More recent randomized trials found that nevirapine and efavirenz showed similar efficacy [23,24]. In addition, the Atazanavir/Ritonavir
on a background of Tenofovir and Emtricitabine (Truvada) versus Nevirapine (ARTEN) study [25] demonstrated noninferiority between nevirapine and atazanavir, a ritonavir-boosted PI, in a population of antiretroviral-naïve patients. The definition of treatment failure in the 2NN clinical trial [23] was a combined endpoint of virological failure, disease progression or therapy change and the main reason given for treatment failure was a change in therapy. Annan et al. [24] defined treatment failure as either virological failure or discontinuation of therapy. Our analyses were based on reported reason for discontinuation of treatment, rather than treatment failure defined 5-FU in vivo using virological or immunological
measurements, in patients who had initially tolerated and responded to treatment. This definition is closer to the definition of treatment failure used in the more recent studies and our results are consistent with their findings.

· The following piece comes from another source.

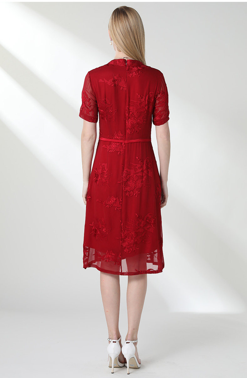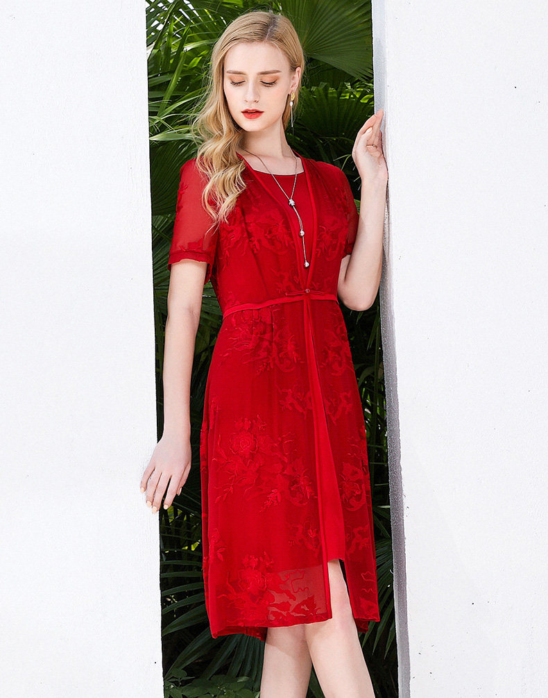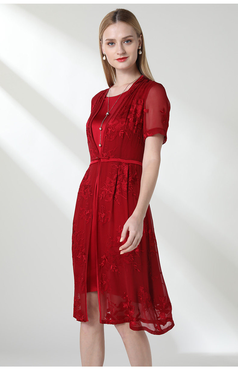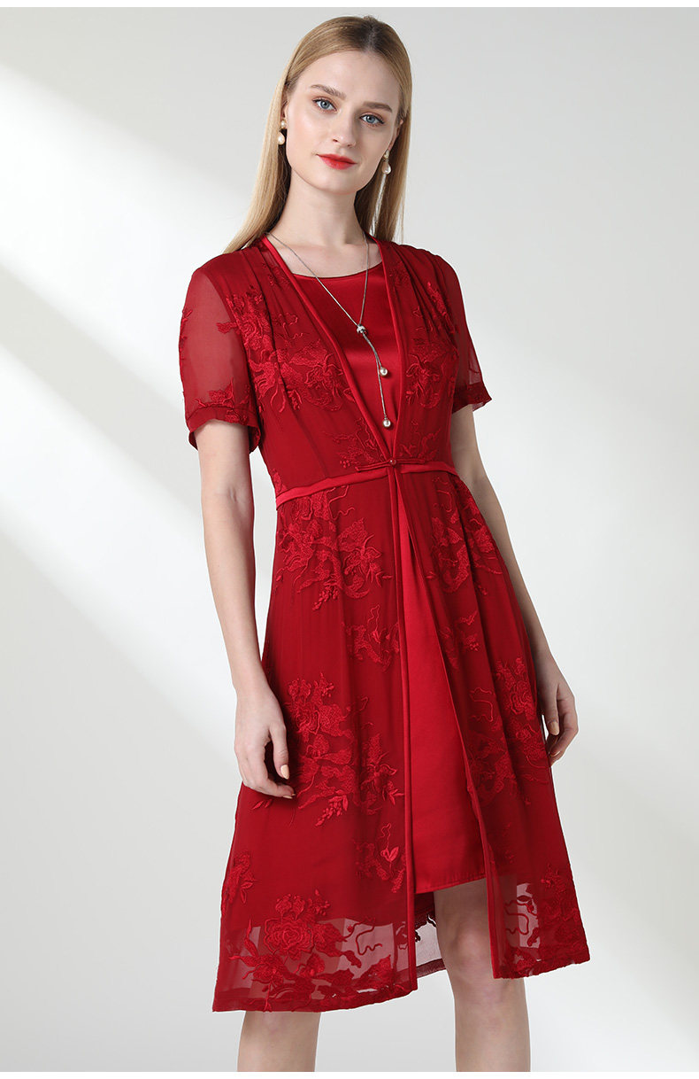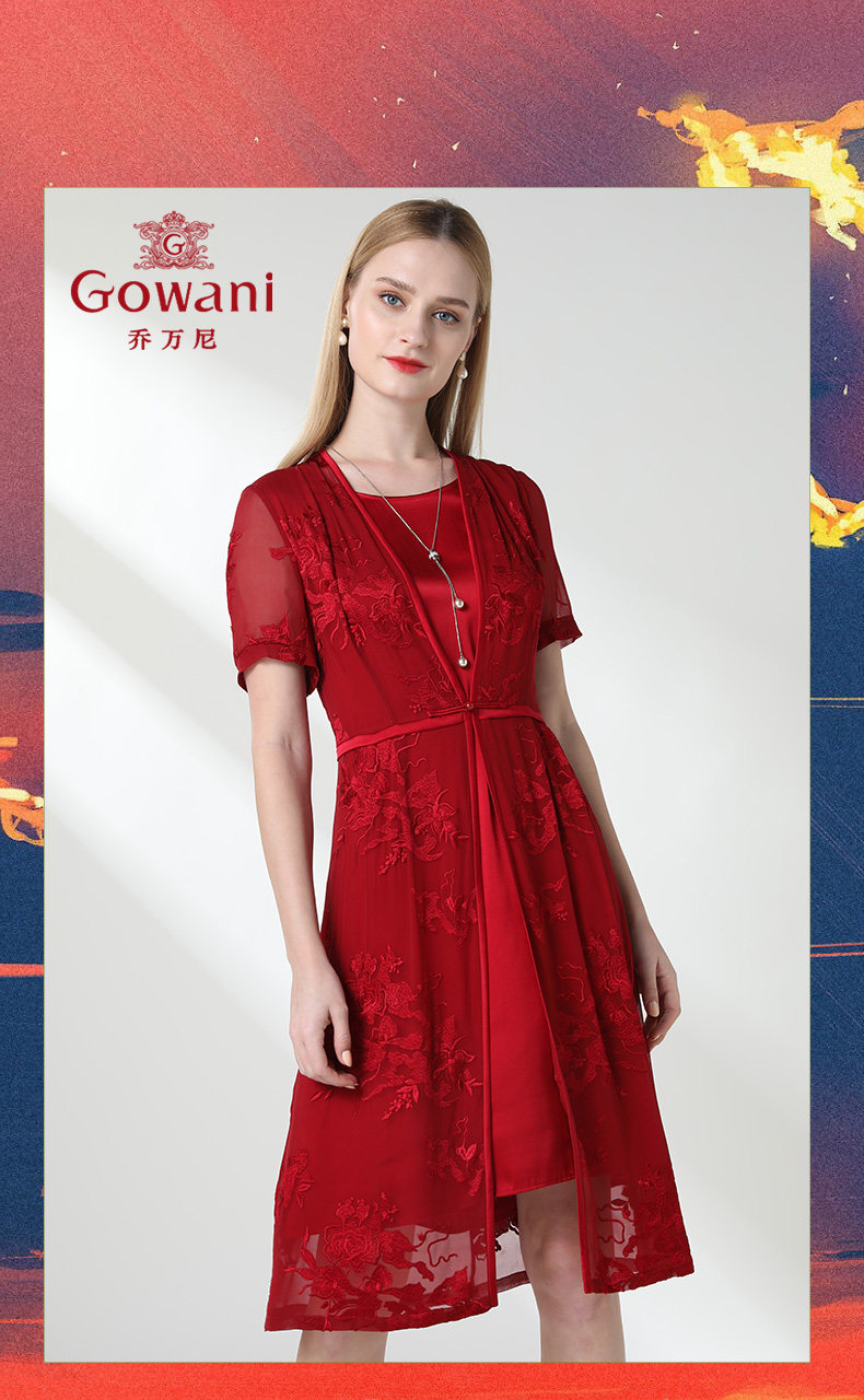 乔万尼夏红装喜宴假两件刺绣修身收腰真丝桑蚕丝连衣裙女EN2E551

It has previously been reported that the choice of NRTI backbone is a significant predictor of virological success and treatment failure [24]; however, even after adjustment for this, significant differences remained. In patients with extensive resistance to other drug classes, nevirapine has been associated with an inferior virological outcome
compared ALK tumor with patients on efavirenz [26], and therefore accumulation of resistance from previous drug regimens could also affect the rate of discontinuation because of treatment failure. Around 36% of the patients included in the analysis were treatment naïve at the time of starting their regimen. In naïve patients very few discontinuations, in any group, were because of reported treatment failure. Therefore, in treatment-naïve patients, our results suggest that, if the regimen can be successfully tolerated in the first few months and viral suppression achieved, nevirapine is a durable treatment strategy, in terms of discontinuation because of treatment failure, compared with efavirenz and lopinavir. Patients on lopinavir and efavirenz had a higher rate of discontinuation because of toxicities or patient/physician choice. Other studies found that nevirapine Loperamide was associated with a higher rate of toxicities when compared with efavirenz [1,23] and the ARTEN study [25] found that discontinuation was higher in those on nevirapine compared with atazanavir. However, most of the discontinuations because of toxicity in nevirapine have been reported in the first few months on therapy [16,20,25]. As mentioned previously this analysis focused on patients who had tolerated the first 3 months of therapy. Thus, short-term toxicities, such as hypersensitivity, leading to early discontinuation would have been excluded. Lodwick et al.